- _Exercise instructions_:
Output exactly, and only, the lines below from the one with "沪油018、沪油004、 沪" down to the one with "Originally overalls are". Include both end lines and no pictures.

- _Supplied data_:
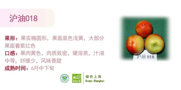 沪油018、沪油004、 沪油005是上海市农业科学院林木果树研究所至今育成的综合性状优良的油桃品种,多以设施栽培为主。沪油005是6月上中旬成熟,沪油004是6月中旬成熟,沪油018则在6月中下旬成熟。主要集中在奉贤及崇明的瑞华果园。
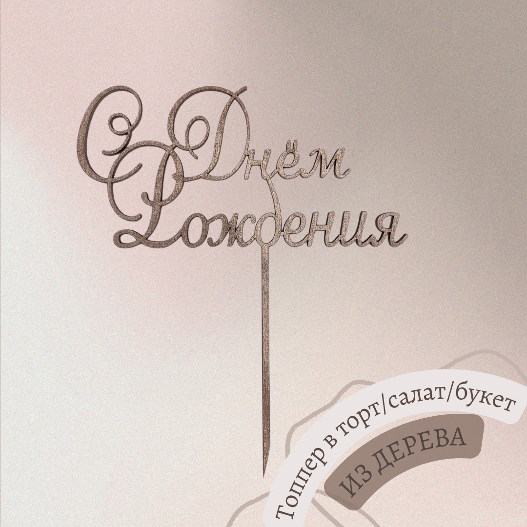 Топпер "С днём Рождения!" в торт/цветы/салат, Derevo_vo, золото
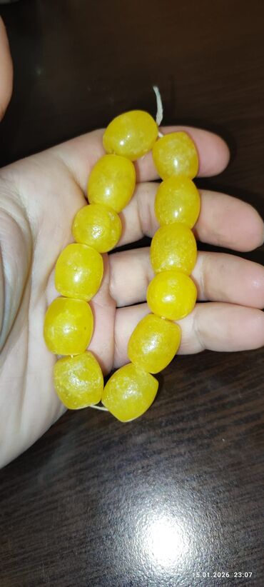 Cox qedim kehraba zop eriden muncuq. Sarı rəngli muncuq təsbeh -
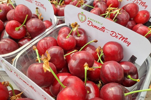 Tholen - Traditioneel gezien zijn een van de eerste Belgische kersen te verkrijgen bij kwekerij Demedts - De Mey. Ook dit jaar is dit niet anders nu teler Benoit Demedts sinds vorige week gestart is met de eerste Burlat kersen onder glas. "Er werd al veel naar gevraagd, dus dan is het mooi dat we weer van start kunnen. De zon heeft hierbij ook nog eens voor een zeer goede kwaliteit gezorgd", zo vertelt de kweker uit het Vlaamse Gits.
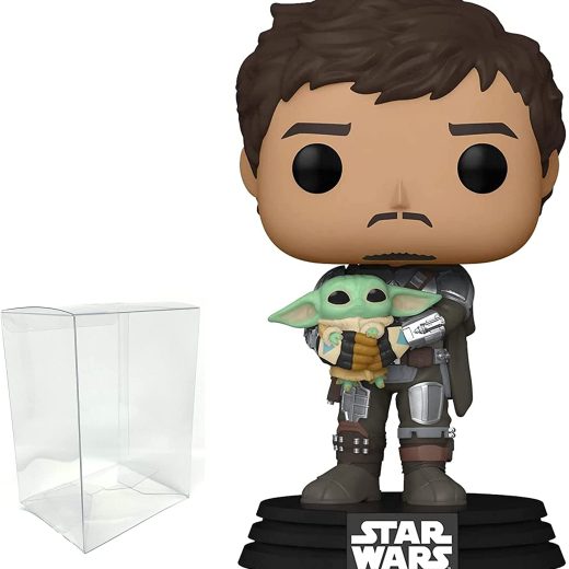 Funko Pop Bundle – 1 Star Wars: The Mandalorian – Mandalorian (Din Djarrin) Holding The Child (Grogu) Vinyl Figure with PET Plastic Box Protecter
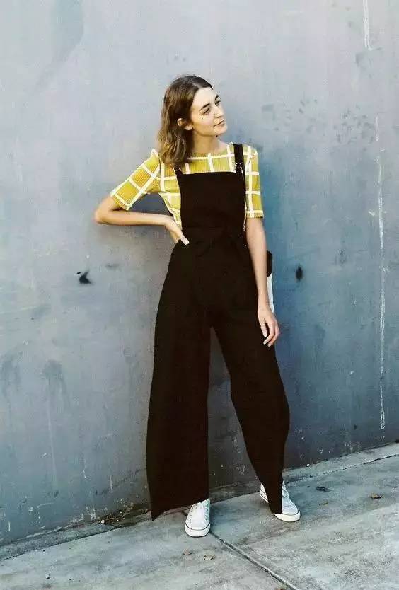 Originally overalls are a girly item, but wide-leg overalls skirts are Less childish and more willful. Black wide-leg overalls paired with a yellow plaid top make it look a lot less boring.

--

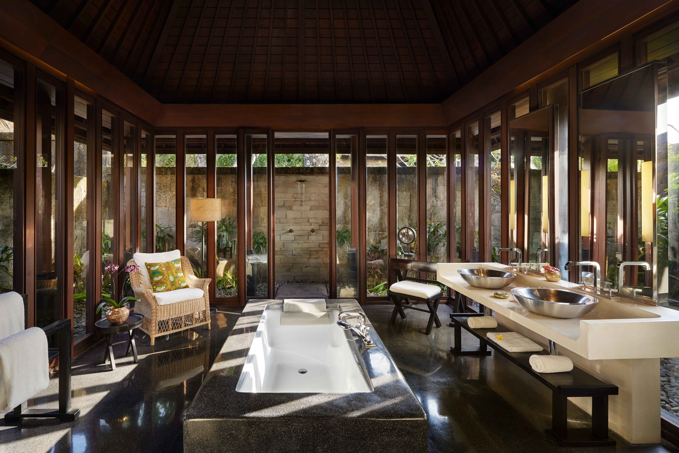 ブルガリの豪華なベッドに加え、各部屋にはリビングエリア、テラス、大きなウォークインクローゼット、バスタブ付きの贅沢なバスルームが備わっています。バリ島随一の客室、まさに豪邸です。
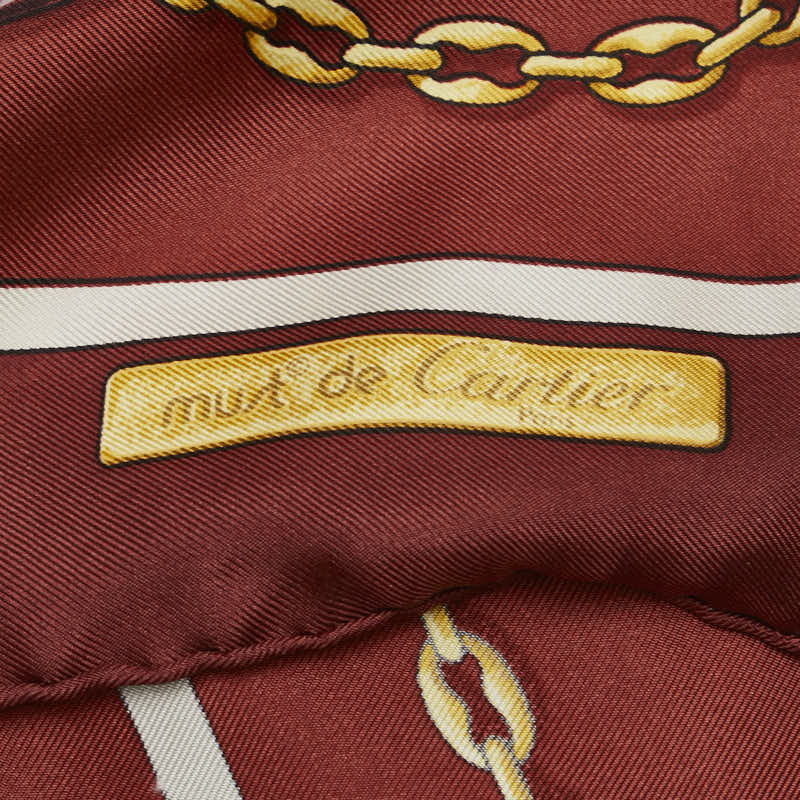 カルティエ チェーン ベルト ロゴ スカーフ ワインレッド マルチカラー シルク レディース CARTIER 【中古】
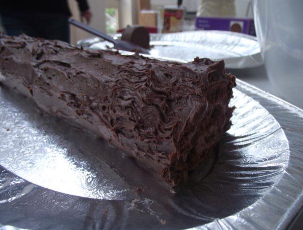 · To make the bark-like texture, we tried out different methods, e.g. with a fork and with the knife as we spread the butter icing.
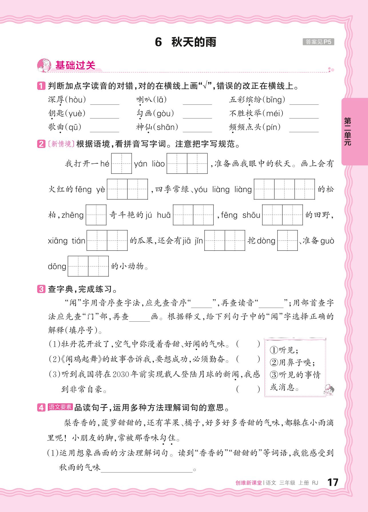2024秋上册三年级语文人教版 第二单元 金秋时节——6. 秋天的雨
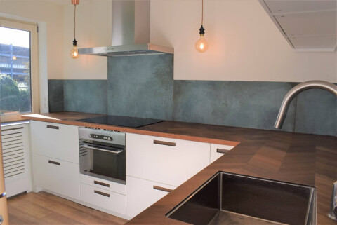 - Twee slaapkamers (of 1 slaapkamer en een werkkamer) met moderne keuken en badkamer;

- _Final answer_:
 沪油018、沪油004、 沪油005是上海市农业科学院林木果树研究所至今育成的综合性状优良的油桃品种,多以设施栽培为主。沪油005是6月上中旬成熟,沪油004是6月中旬成熟,沪油018则在6月中下旬成熟。主要集中在奉贤及崇明的瑞华果园。
 Топпер "С днём Рождения!" в торт/цветы/салат, Derevo_vo, золото
 Cox qedim kehraba zop eriden muncuq. Sarı rəngli muncuq təsbeh -
 Tholen - Traditioneel gezien zijn een van de eerste Belgische kersen te verkrijgen bij kwekerij Demedts - De Mey. Ook dit jaar is dit niet anders nu teler Benoit Demedts sinds vorige week gestart is met de eerste Burlat kersen onder glas. "Er werd al veel naar gevraagd, dus dan is het mooi dat we weer van start kunnen. De zon heeft hierbij ook nog eens voor een zeer goede kwaliteit gezorgd", zo vertelt de kweker uit het Vlaamse Gits.
 Funko Pop Bundle – 1 Star Wars: The Mandalorian – Mandalorian (Din Djarrin) Holding The Child (Grogu) Vinyl Figure with PET Plastic Box Protecter
 Originally overalls are a girly item, but wide-leg overalls skirts are Less childish and more willful. Black wide-leg overalls paired with a yellow plaid top make it look a lot less boring.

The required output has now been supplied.